TASK INPUTS →
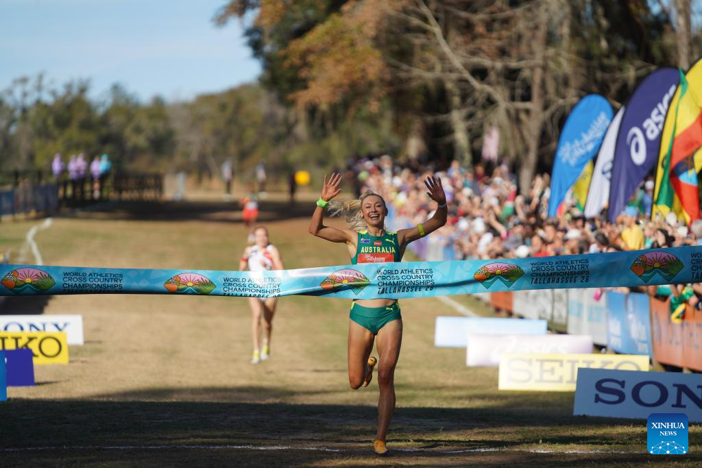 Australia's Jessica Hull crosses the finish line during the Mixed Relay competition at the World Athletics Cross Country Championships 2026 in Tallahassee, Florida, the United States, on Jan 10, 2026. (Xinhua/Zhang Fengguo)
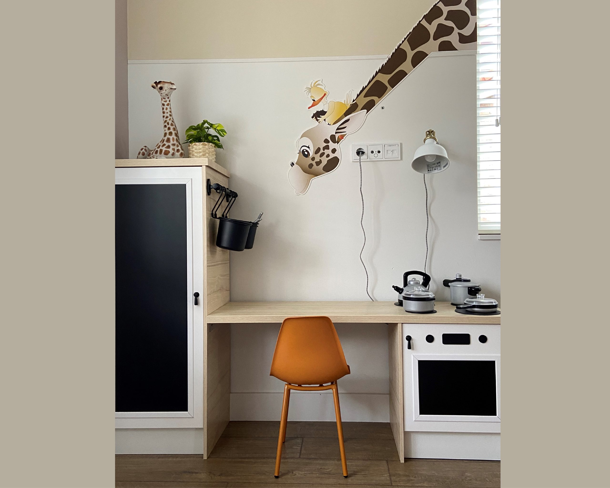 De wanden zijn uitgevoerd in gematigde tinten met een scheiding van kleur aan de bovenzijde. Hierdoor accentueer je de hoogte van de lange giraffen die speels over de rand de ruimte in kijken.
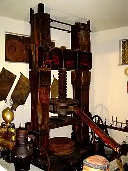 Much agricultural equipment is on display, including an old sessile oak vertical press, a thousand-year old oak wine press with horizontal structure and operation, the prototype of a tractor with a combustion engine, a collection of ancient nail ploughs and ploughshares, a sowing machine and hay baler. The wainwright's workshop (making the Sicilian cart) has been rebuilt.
--
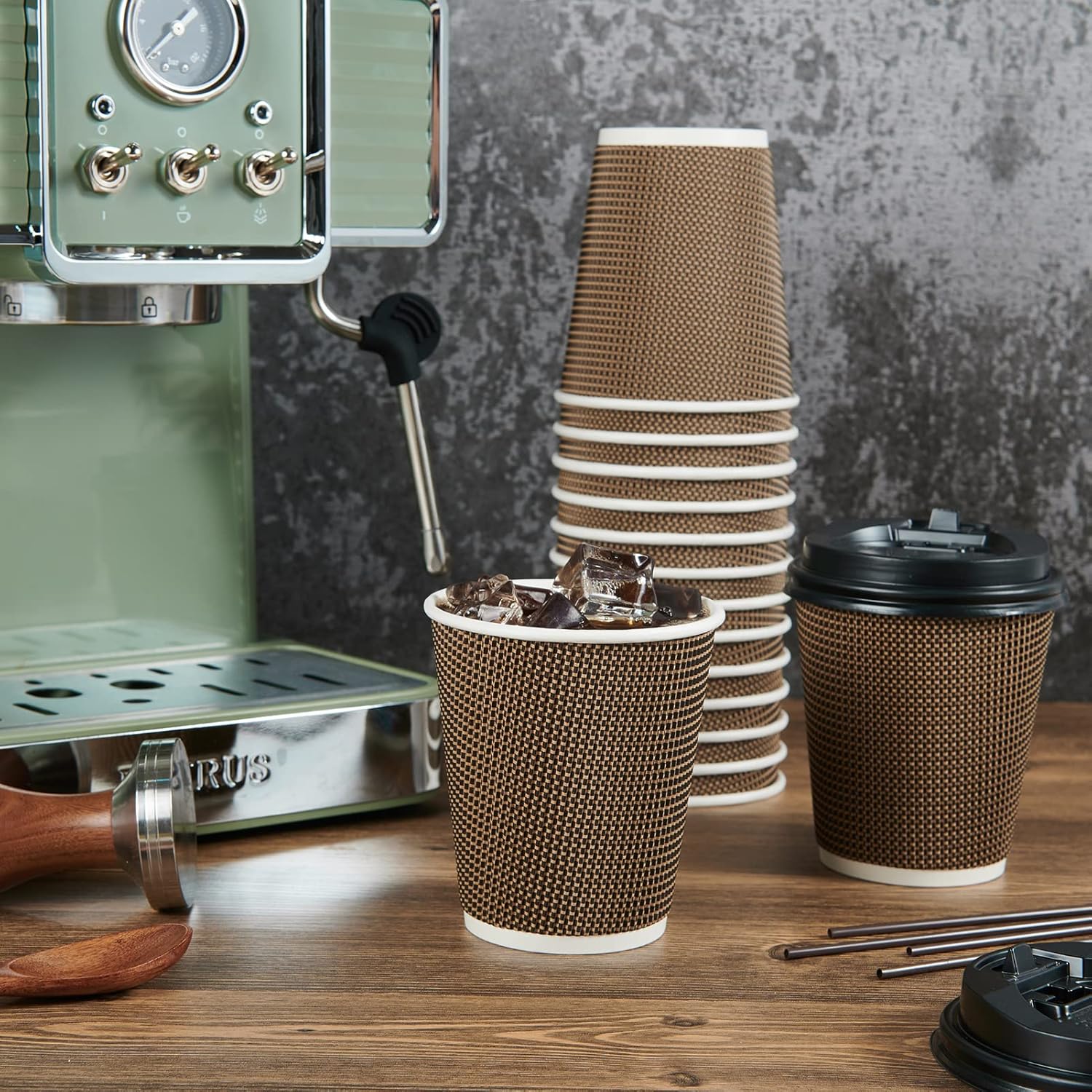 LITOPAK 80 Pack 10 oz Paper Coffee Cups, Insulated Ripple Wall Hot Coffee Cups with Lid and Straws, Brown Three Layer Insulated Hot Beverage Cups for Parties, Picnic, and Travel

PROBLEM REQUIREMENTS →
From the data above, retype only the lines starting with the line with "Australia's Jessica Hull" and going on through the line with "De wanden zijn", exactly, leaving out the pictures.

RESULT OF THIS EXERCISE →
 Australia's Jessica Hull crosses the finish line during the Mixed Relay competition at the World Athletics Cross Country Championships 2026 in Tallahassee, Florida, the United States, on Jan 10, 2026. (Xinhua/Zhang Fengguo)
 De wanden zijn uitgevoerd in gematigde tinten met een scheiding van kleur aan de bovenzijde. Hierdoor accentueer je de hoogte van de lange giraffen die speels over de rand de ruimte in kijken.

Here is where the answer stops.